**TO DO**
The result should be all the records, exact and complete, without a single picture.

**MATERIAL SHOWN**
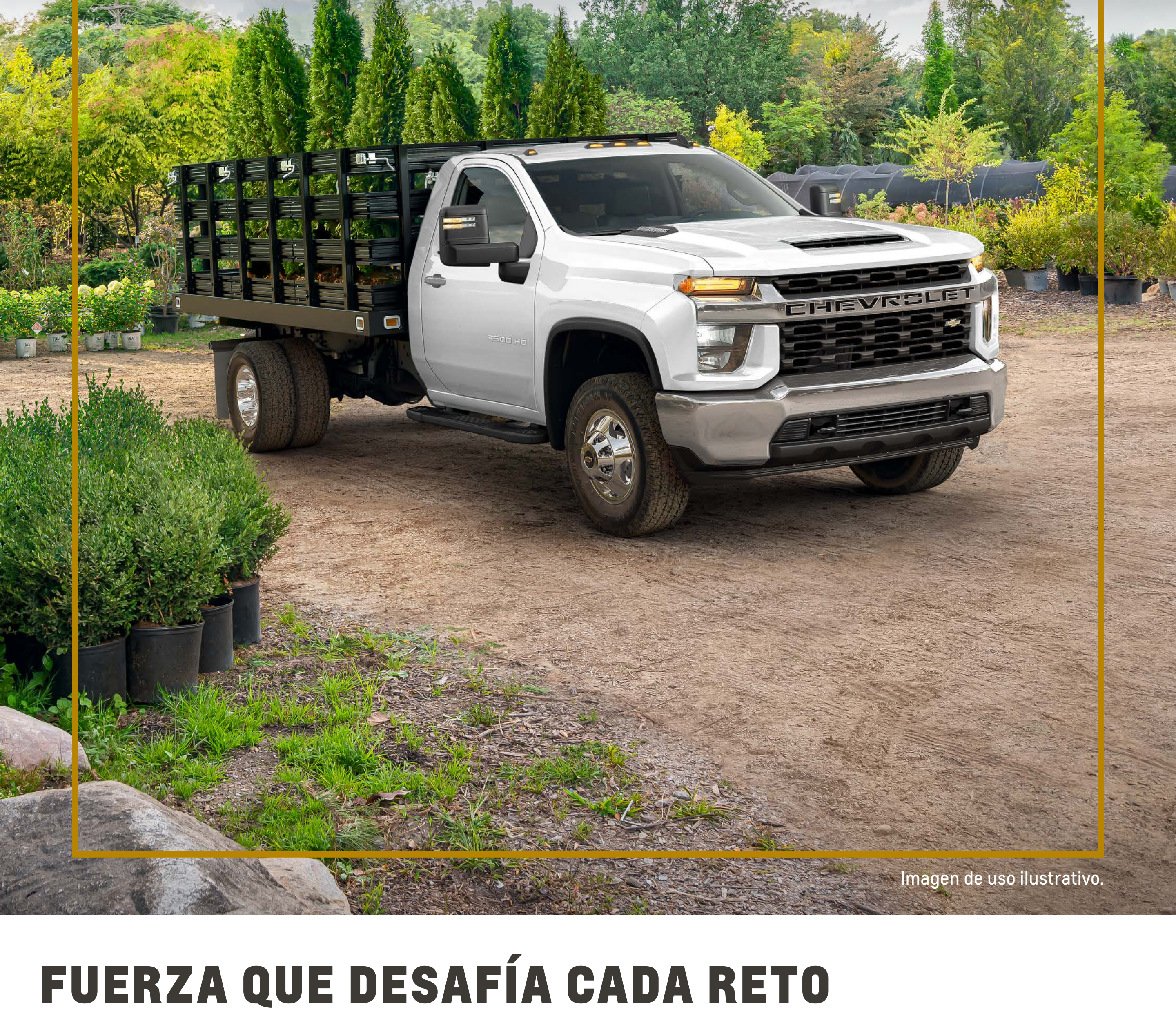
Imagen de uso ilustrativo.

INTIMIDANTE CAPACIDAD CON GRANDES DIMENSIONES.
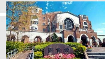
Université Nationale de Taiwan
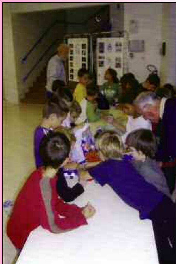
Triage des bouchons par les enfants du C.L.S.H.
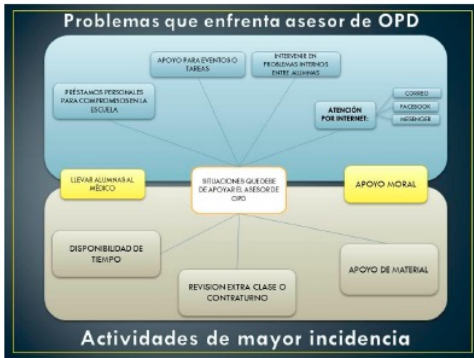
Figura 1. Problemas y actividades del asesor.
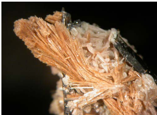
Fig. 2. Bussyita-(Ce) de la localidad tipo, el complejo alcalino de Mont Saint-Hilaire, Montérégie, Quebec, Canadá; con nenadkevichita y aegirina. C.V. 1,2 mm. Colección y foto: Peter Tarassoff (reproducida aquí con su permiso), del libro Minerals with a French connection .

National d'Histoire Naturelle y en 1841 presentó su sección dedicada a la Mineralogía. En 1878, Alfred Louis Olivier Legrand Des Cloizeaux (epónimo del mineral descloizita) fundó la Société Française de Minéralogie et de Cristallographie (SFMC), todavía activa hoy en día y una de las entidades responsables de la publicación de este libro, junto con la Mineralogical Association of Canada. Más recientemente, en 1959, se constituyó el Bureau de Recherches Géologiques et Minières (BRGM), el servicio geológico nacional de Francia, que también participa en la edición de este volumen.
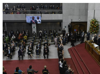
Boric apunta a equipo de protocolo por ausencia de empresarios en cambio de mando: "No ha habido un ánimo de exclusión"

**WRITTEN ANSWER**
Imagen de uso ilustrativo.

INTIMIDANTE CAPACIDAD CON GRANDES DIMENSIONES.
Université Nationale de Taiwan
Triage des bouchons par les enfants du C.L.S.H.
Figura 1. Problemas y actividades del asesor.
Fig. 2. Bussyita-(Ce) de la localidad tipo, el complejo alcalino de Mont Saint-Hilaire, Montérégie, Quebec, Canadá; con nenadkevichita y aegirina. C.V. 1,2 mm. Colección y foto: Peter Tarassoff (reproducida aquí con su permiso), del libro Minerals with a French connection .

National d'Histoire Naturelle y en 1841 presentó su sección dedicada a la Mineralogía. En 1878, Alfred Louis Olivier Legrand Des Cloizeaux (epónimo del mineral descloizita) fundó la Société Française de Minéralogie et de Cristallographie (SFMC), todavía activa hoy en día y una de las entidades responsables de la publicación de este libro, junto con la Mineralogical Association of Canada. Más recientemente, en 1959, se constituyó el Bureau de Recherches Géologiques et Minières (BRGM), el servicio geológico nacional de Francia, que también participa en la edición de este volumen.
Boric apunta a equipo de protocolo por ausencia de empresarios en cambio de mando: "No ha habido un ánimo de exclusión"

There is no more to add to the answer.